Giannoulias will submit written testimony, telling federal bank and thrift regulators that when the Community Reinvestment Act ratings of banks were first made public in 1990, one in 10 financial institutions failed their CRA exam. Today, the number is less than 2 percent, yet millions of Americans are still unbanked or victims of predatory lending.
“On one hand, we have almost every bank in the nation receiving a ‘Satisfactory’ rating when it comes to community reinvestment, while on the other hand we have millions of Americans who have no access to safe mortgages or low-cost checking accounts,” Giannoulias wrote. “CRA ratings may look good on paper, but in reality they are falling short.”
Giannoulias will submit testimony during the third of four national public hearings jointly sponsored by the Board of Governors of the Federal Reserve System, the Federal Deposit Insurance Corporation, the Office of the Comptroller of the Currency, and the Office of Thrift Supervision.
“While there is much to do on the legislative side of this important law, including passage of a fair, safe, and more relevant version as proposed in the Community Reinvestment Modernization Act of 2009, (H.R. 1479), my focus today is the importance of establishing transparency within CRA, specifically with regard to qualifying activities, ratings, and reporting,” Giannoulias added.
He recommended regulators improve transparency and accountability in three ways:
Give banks a numeric grade on a scale of 1 to 100 so that consumers can tell if a bank is fully committed to community reinvestment or barely passing, just like a standard report card. Currently, banks are ranked on a 0 to 24 scale which is less intuitive for consumers.
Modernize the weighting system for various financial products, so that it is clear how banks are being measured. Products and services that complement a bank’s lending activities, such as low-cost checking accounts and payday alternative loans, should count toward CRA, but should be weighted according to their impact.
Make it easier for the public to acquire full-length CRA reports from bank and thrift regulatory agencies on a single, searchable online database on the Federal Financial Institutions Examination Council website. This level of transparency is not available today.
The State Treasurer’s Office only wants to do business with financial institutions that show commitment to their communities, so it took matters into its own hands last year, Giannoulias said.

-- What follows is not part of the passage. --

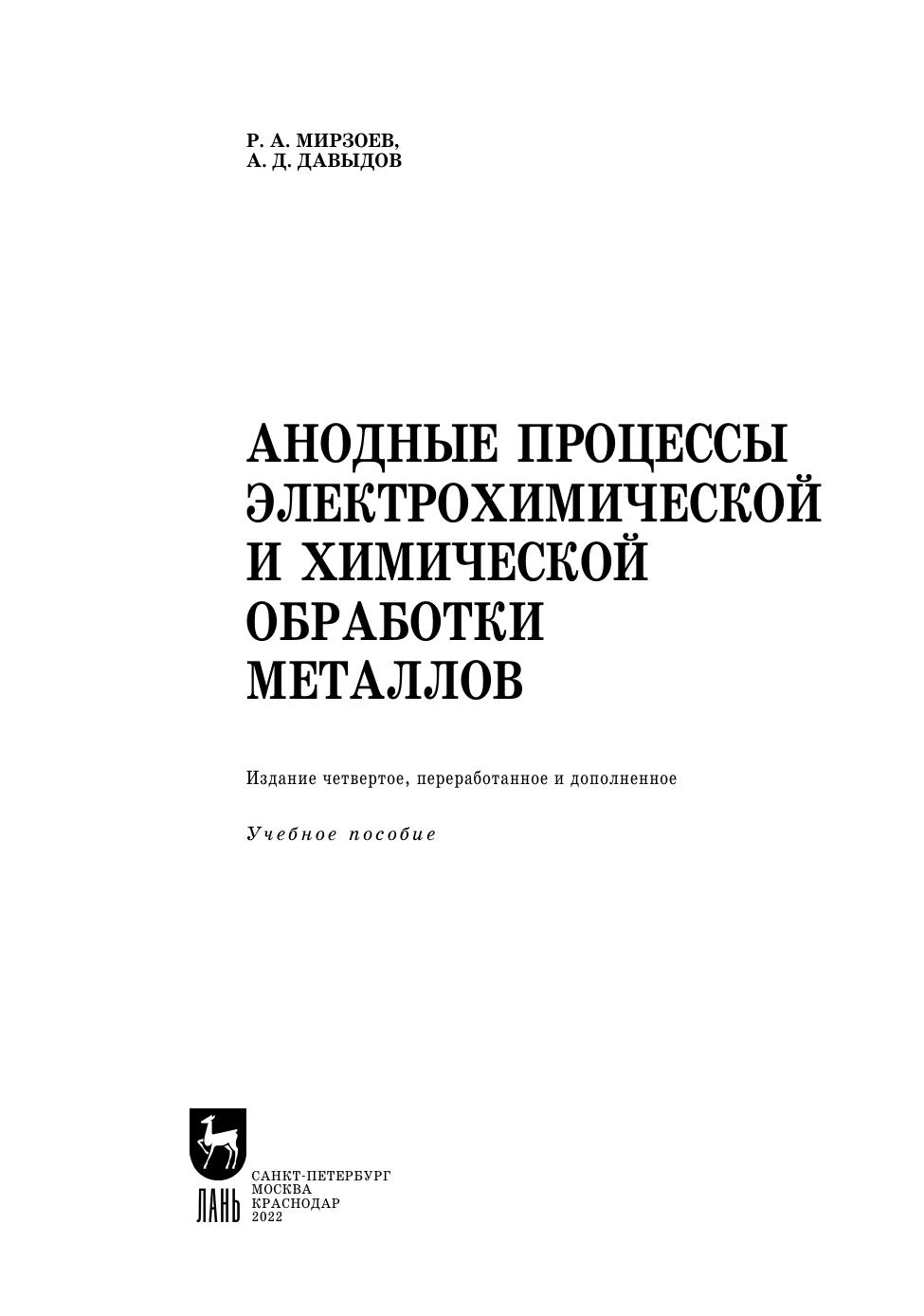 Учебное пособие посвящено анодным процессам в электрохимических и химических технологиях получения цветных металлов, обработки поверхности чёрных и цветных металлов (травление, полирование, оксидирование) и формообразования (размерная электрохимическая обработка). Рассмотрены также комбинированные процессы, в которых наряду с анодными реакциями имеют место иные механизмы воздействия на металл, например плазменно-электролитическое оксидирование и полирование, анодно-механическое и химико-механическое полирование.
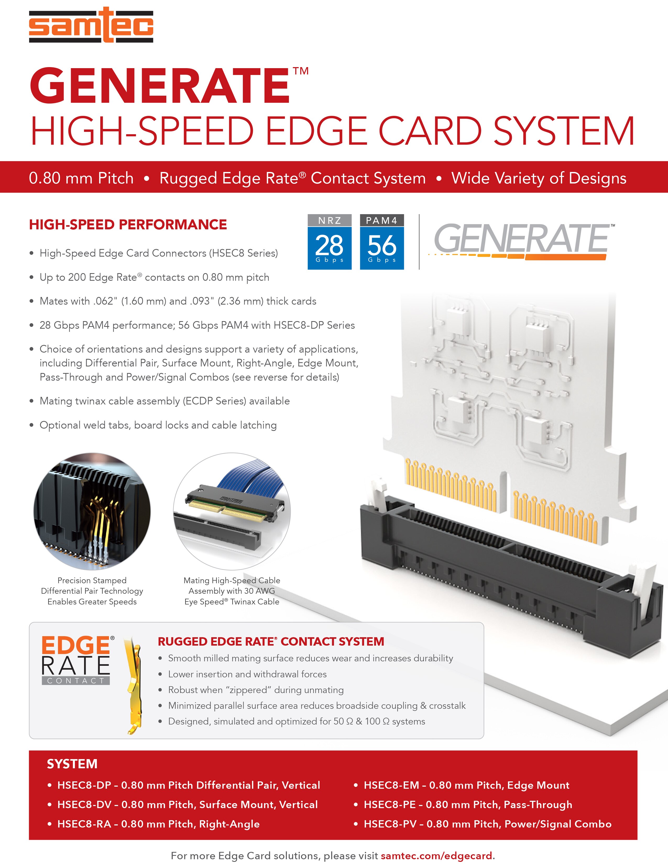 High-speed edge card interconnects on choice of 0.50 mm, 0.80 mm or 1.00 mm pitch and a variety of options.

Since June 2009, the Treasurer’s Office has required all banks that received or renewed state deposits to pledge to provide non-predatory foreclosure prevention products, conventional banking services to the unbanked and small business loan products.
“We’re doing what we can at the state level to hold financial institutions accountable to their neighborhoods,” Giannoulias wrote. “But federal reforms are needed to clearly differentiate between the financial institutions that are going the extra mile and those that achieved ‘Satisfactory’ by the skin of their teeth.”